Murdoch University Football Club are struggling to compete because of a lack of players due to the the covid pandemic.
Murdoch University Football Club vice president Danny Jones says the problem is likely to get worse.
“We can’t always guarantee a team will be complete, that is the challenge, I think we will see this in the second wave of covid, everyone who had it 12 weeks ago will be getting it again,” Mr Jones said.
This year Football West‘s governing body introduced a new policy that if five or more players are affected by Covid-19 a game would need to be postponed.
Football West spokesman Jake Drewn said the new policy is important.
“There is a process, the clubs have to go through they have to report to us, and we then give them a week to give us a new date for the postponed game,” Mr Drewn said.
Mr Jones says Football West should encourage players from younger leads to fill out the teams above their league for practice.

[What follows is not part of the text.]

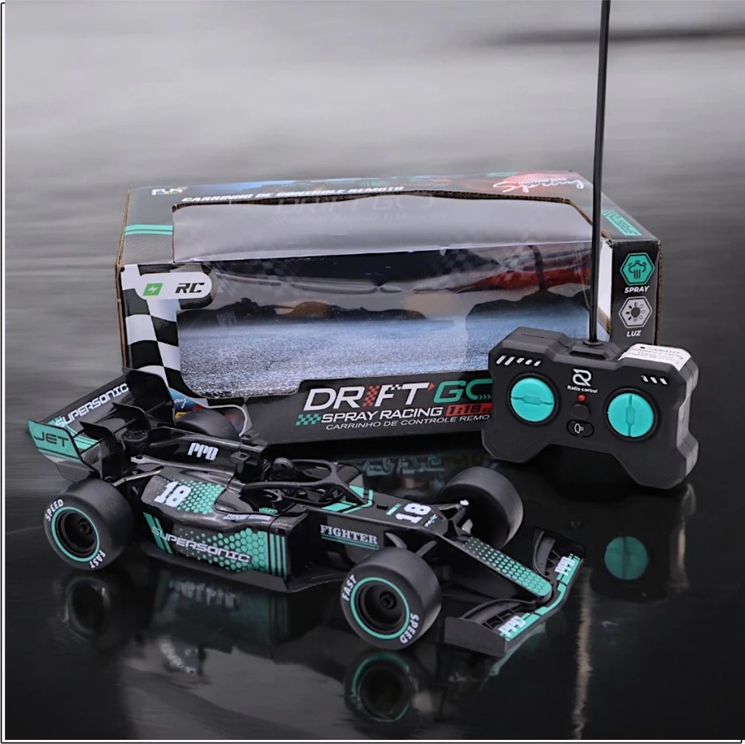 Carro Controle Remoto Fórmula 1 Drift Go Spray Racing Preto.

“Covid-19 disrupting the games has put pressure on relationships especially when you can’t go out again to play football as the game is postponed. Physically the players enjoy going to the game and being part of a team,” Mr Jones said.
The games usually run on Saturdays and Sundays.
“We select teams and put them into their teams and we select the categories on Thursday night we have our nice neat little squad night and by Sunday 10 per cent of our players we selected cannot play,” Mr Jones said.
This is the worst year, as the grants that were given at the start of the pandemic.
In the past, the football club was given grants and full-time employees had access to job-seeker. These payments have been ceased and the club depends on memberships for funds.
“The first year we went through lockdown, there was a slow down on registrations because people weren’t sure if they were paying for something they would ever use,” Mr Jones said.
“As a club we received some money from the government, so that allowed us to financially to be alright. The first year we were better off than this year, because we were financially supported and there weren’t so many covid cases,” Mr Jones said.
Mr Jones says that a lot of the games are being live streamed and people are watching and placing bets.
“We are actually shocked at the amount of overseas gamblers messaging us asking about the fixtures, so it has a small global reach,” Mr Jones said.
“There is no direct impact on us, but there is an interest outside the WA bubble,” Mr Jones said.